* _Exercise prompt_
For the data below, retype word for word the lines from the one containing "2021年云南民族中學第三次招聘工作人員綜合成績公示(歷史)" through the one containing "Il Comune di"; drop the pictures.

* _Material for the task_
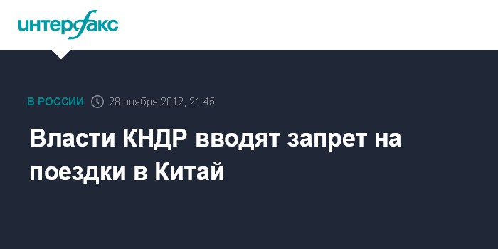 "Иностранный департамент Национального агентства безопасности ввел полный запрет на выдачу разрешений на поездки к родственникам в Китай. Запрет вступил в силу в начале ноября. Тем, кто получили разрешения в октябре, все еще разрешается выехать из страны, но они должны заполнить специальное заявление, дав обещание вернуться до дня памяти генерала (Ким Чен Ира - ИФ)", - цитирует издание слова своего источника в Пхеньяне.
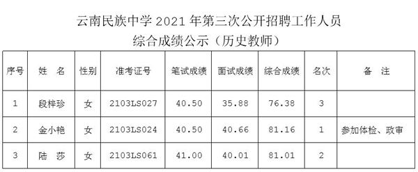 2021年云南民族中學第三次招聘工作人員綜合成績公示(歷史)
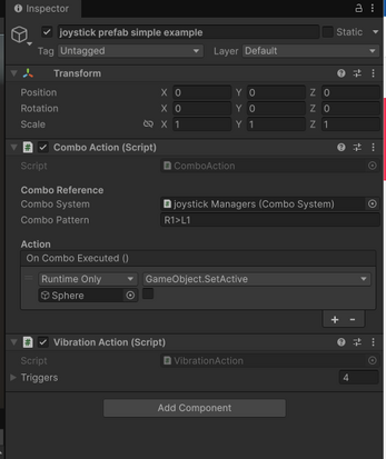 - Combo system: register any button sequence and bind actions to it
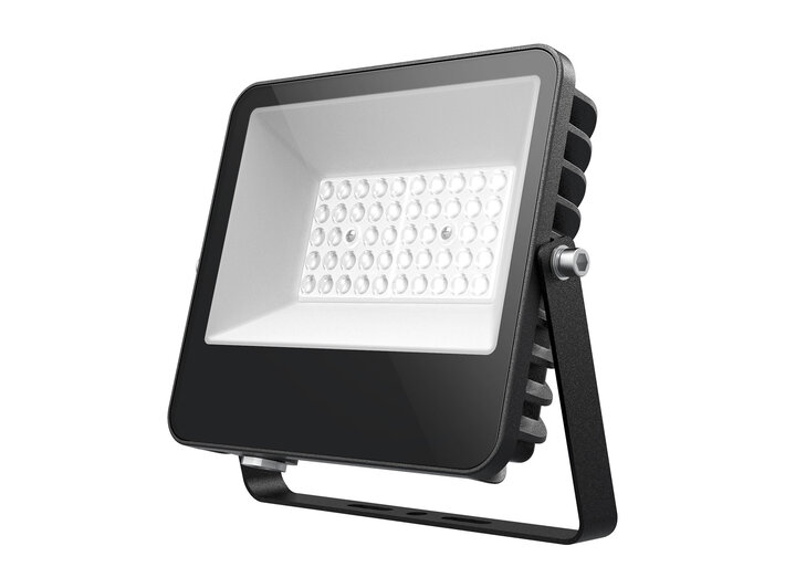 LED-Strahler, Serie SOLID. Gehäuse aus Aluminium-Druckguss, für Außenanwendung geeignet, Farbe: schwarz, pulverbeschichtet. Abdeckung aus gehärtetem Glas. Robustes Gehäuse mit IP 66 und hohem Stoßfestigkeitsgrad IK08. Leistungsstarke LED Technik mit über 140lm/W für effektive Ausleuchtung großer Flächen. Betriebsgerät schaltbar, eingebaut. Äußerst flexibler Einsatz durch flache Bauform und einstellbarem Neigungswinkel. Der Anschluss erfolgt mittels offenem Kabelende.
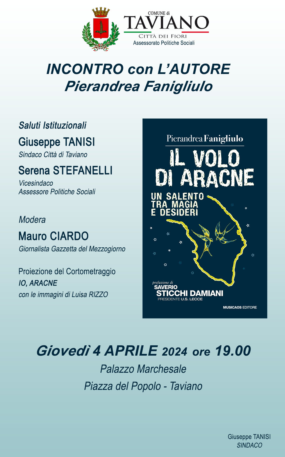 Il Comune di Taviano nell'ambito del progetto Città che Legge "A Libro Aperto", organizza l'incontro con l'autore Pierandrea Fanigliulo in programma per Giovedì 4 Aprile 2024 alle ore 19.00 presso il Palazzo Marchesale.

==

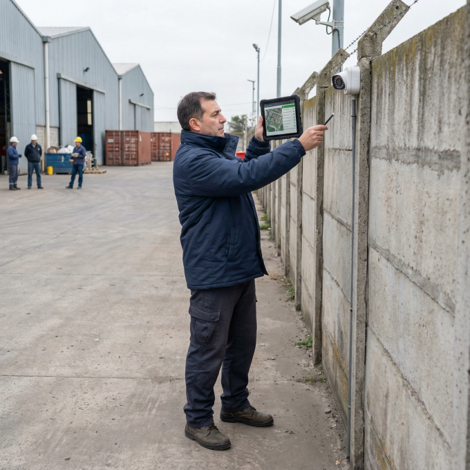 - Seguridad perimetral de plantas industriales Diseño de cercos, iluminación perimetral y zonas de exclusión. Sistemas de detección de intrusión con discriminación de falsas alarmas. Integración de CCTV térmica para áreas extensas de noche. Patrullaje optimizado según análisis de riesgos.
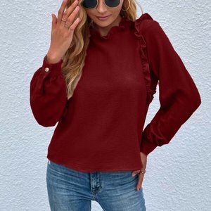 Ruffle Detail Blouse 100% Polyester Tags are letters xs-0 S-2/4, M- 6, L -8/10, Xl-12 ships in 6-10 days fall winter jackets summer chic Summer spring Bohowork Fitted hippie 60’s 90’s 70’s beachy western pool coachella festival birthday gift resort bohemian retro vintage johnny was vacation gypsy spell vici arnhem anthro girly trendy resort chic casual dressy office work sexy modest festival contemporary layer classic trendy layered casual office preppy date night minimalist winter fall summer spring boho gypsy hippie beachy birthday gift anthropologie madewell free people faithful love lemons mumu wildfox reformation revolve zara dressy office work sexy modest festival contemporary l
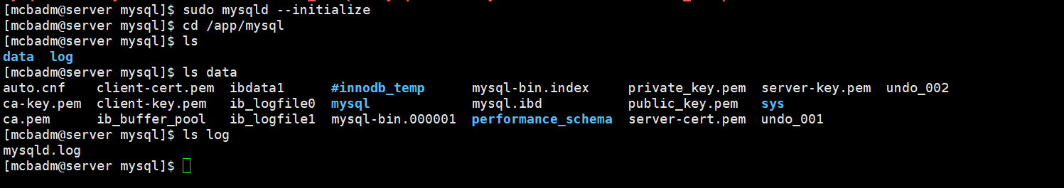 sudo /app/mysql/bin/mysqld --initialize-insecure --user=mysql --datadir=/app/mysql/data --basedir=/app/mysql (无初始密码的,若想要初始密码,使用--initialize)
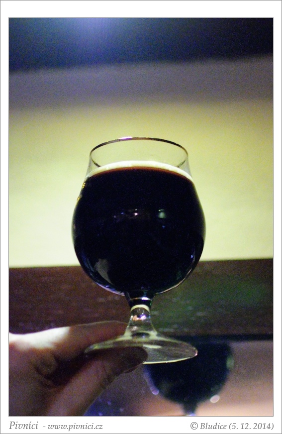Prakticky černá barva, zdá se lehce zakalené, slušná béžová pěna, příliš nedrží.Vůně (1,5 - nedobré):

* _Exercise response_
 2021年云南民族中學第三次招聘工作人員綜合成績公示(歷史)
 - Combo system: register any button sequence and bind actions to it
 LED-Strahler, Serie SOLID. Gehäuse aus Aluminium-Druckguss, für Außenanwendung geeignet, Farbe: schwarz, pulverbeschichtet. Abdeckung aus gehärtetem Glas. Robustes Gehäuse mit IP 66 und hohem Stoßfestigkeitsgrad IK08. Leistungsstarke LED Technik mit über 140lm/W für effektive Ausleuchtung großer Flächen. Betriebsgerät schaltbar, eingebaut. Äußerst flexibler Einsatz durch flache Bauform und einstellbarem Neigungswinkel. Der Anschluss erfolgt mittels offenem Kabelende.
 Il Comune di Taviano nell'ambito del progetto Città che Legge "A Libro Aperto", organizza l'incontro con l'autore Pierandrea Fanigliulo in programma per Giovedì 4 Aprile 2024 alle ore 19.00 presso il Palazzo Marchesale.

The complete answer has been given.